Generative Biology Is Already Clinical. So Why Are Founders Still Sleeping?

Generate:Biomedicines just announced Phase 3 trials for GB-0895, an antibody entirely designed by AI, recruiting patients from 45 countries as of late 2025. Isomorphic Labs has human trials "very close." That's not hype. That's proof that AI-designed drugs work in humans.

And the market hasn't priced this in yet.

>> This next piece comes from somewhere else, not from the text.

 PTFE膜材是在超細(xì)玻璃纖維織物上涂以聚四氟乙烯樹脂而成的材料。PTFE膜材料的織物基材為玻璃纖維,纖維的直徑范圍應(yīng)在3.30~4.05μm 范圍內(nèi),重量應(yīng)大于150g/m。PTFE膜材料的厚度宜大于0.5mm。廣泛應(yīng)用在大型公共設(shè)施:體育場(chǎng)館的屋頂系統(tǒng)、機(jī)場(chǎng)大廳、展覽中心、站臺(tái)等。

Generative biology, applying the same transformer architectures behind ChatGPT to protein design doesn't incrementally improve drug discovery. It compresses it. Traditional timelines: 6 years from target to first human dose. Generative biology: 18-24 months. That's not faster iteration. That's a category shift.

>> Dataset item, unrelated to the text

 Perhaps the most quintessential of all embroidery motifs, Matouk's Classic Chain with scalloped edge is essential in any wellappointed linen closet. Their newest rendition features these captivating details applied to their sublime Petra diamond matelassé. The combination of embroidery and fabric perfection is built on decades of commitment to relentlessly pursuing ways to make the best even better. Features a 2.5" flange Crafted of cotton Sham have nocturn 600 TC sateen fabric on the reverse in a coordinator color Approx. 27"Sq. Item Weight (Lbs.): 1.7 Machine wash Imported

Here's what's actually happening: A handful of well-funded companies have already won the scaling race. Profluent's ProGen3 model demonstrated something critical that scaling laws (bigger models = better results) apply to protein design just like they do to LLMs. The company raised $106M in Series B funding in November 2025. EvolutionaryScale built ESM3, a 98-billion-parameter model trained on 2.78 billion proteins, and created novel GFP variants that simulate 500 million years of evolution computationally. Absci is validating 100,000+ antibody designs weekly in silico, reducing discovery cycles from years to months.

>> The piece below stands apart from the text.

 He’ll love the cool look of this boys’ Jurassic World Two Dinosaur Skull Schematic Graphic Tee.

These aren't startups anymore. They're infrastructure.

The Market Opportunity Is Massive, But Concentrated

The AI protein design market is $1.5B today (2025) and grows to $7B by 2033 (25% CAGR). Protein engineering more broadly: $5B → $18B in the same window. But here's the friction: success requires vertical integration. Algorithms alone are defensible for exactly six months. What matters is the ability to design, synthesize, test, and iterate at scale: wet lab automation, manufacturing readiness, regulatory playbooks.

Generate raised $700M+ because it built all three. Profluent raised $150M because it owns the data and the model. Absci went public because it combined proprietary platform with clinical validation. The solo-algorithm play? Dead on arrival.

This matters for founders evaluating entry points. The winning thesis isn't "better protein design." It's "compressed drug discovery + manufacturing at scale + regulatory clarity." Pick one of those three and you're a feature. Own all three and you're a platform.

Follow the Partnerships, Not the Press Releases

Novartis: $1B deal with Generate:Biomedicines (Sept 2024). Bristol Myers Squibb: $400M potential with AI Proteins (Dec 2024). Eli Lilly + Novartis: Both partnered with Isomorphic Labs. Corteva Agrisciences: Multi-year collab with Profluent on crop gene editing.

These deals aren't about technology proving. They're about risk transfer. When Novartis commits $1B and strategic alignment, they're not hedging on whether AI-designed proteins work they're betting on speed-to-market mattering more than incremental efficacy improvements. That's a macro signal: pharma's risk tolerance is shifting from "is it better?" to "can we deploy it in 36 months?"

For investors, this is the tell. Follow where the check sizes are growing, not where the valuations are highest.

The Real Risk Isn't Technical—It's Regulatory and Biosecurity

Can generative biology design novel proteins? Yes. Can those proteins fold predictably? Mostly. Will they work in vivo? That's the test happening right now in Phase 3 trials.

But the bigger risk is slower: regulatory alignment. Agencies are adapting, but they're not leading. Gene therapy has 3,200 trials globally. Only a fraction navigated the approval gauntlet successfully. AI-designed therapeutics will face the same friction unless founders invest heavily in regulatory affairs early not late.

And then there's dual-use risk. Generative biology lowers barriers to misuse. AI models could design pathogens or toxins for bad actors. This isn't hypothetical, it's why 94% of countries lack biosecurity governance frameworks. Founders that build secure-by-design architectures and engage proactively with regulators on dual-use mitigation will differentiate themselves sharply from those that don't.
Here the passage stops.